Queering Spaces: Guanyu Xu’s “Temporarily Censored Home”

Yancey Richardson
USA China

Eight medium-large photographic prints hung on the four walls making up the front room of Yancey Richardson Gallery. There were no labels to contextualize Guanyu Xu’s exhibition; background information for “Temporarily Censored Home” was supplied in the press release, found online and at the gallery. By dedicating the space purely to Xu’s art, the gallery elicited a direct and unfiltered response from viewers. Comprehension came after the initial encounter, when one actively sought the information behind the cryptic and layered content within Xu’s prints. 

GUANYU XU, Parents’ Bedroom, 2018, archival pigment print, 108 × 133 cm.

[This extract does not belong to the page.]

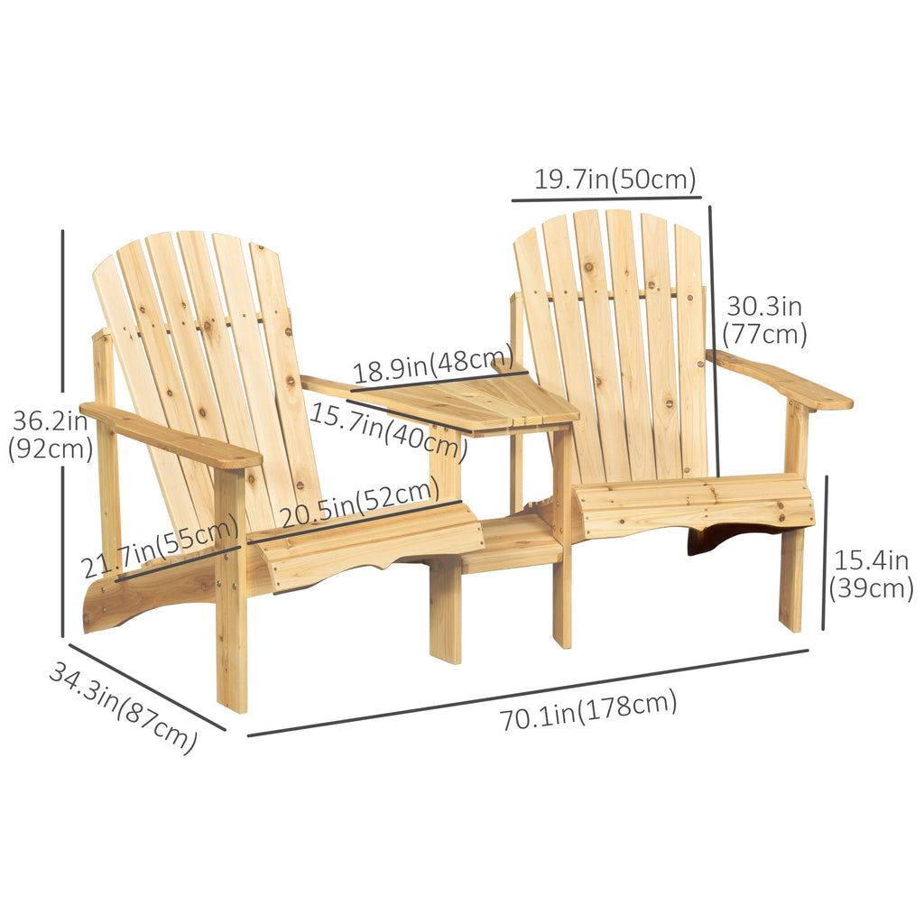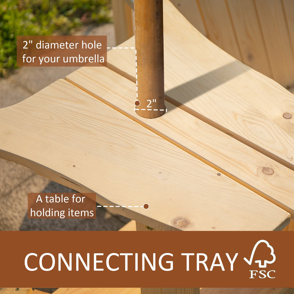 Elevate your outdoor seating with this Ergonomically Designed Muskoka Chair, a perfect blend of comfort, style, and durability. Featuring two seats with wide armrests, a rolled top seat, a slightly curved seat back, and a tilted high back rest, this chair is crafted for optimal relaxation. Designed to fit seamlessly into any outdoor setting, it adds charm to your patio, garden, porch, or poolside. The chair also includes an umbrella hole in the center of the table, making it easy to add a shade for protection against the sun or rain. (Inner diameter: 2"). Constructed from natural fir wood with weather-resistant paint, this chair ensures long-lasting durability while bringing a timeless, rustic aesthetic to your outdoor space. Whether by the fire pit or in your backyard, this chair provides both functional comfort and aesthetic appeal.

“Temporarily Censored Home” documented a brief performance-installation the Chicago-based artist had mounted at his parents’ Beijing home. Xu grew up in a conservative household; his mother was a civil servant and his father was employed by the military. The artist came to understand his gay identity from his encounters with non-normative expression via the bits and pieces of American media—fashion magazines, movies, television shows—trickling into China. His parents still don’t know about his sexuality. As a kind of intervention, Xu took two trips back to his childhood home to secretly construct fleeting, transcultural, and queer spaces out of a Chinese, middle-class, heteronormative one. 

GUANYU XU, The Living Room, 2018, archival pigment print, 108 × 133 cm.
GUANYU XU, The Living Room, 2018, archival pigment print, 108 × 133 cm.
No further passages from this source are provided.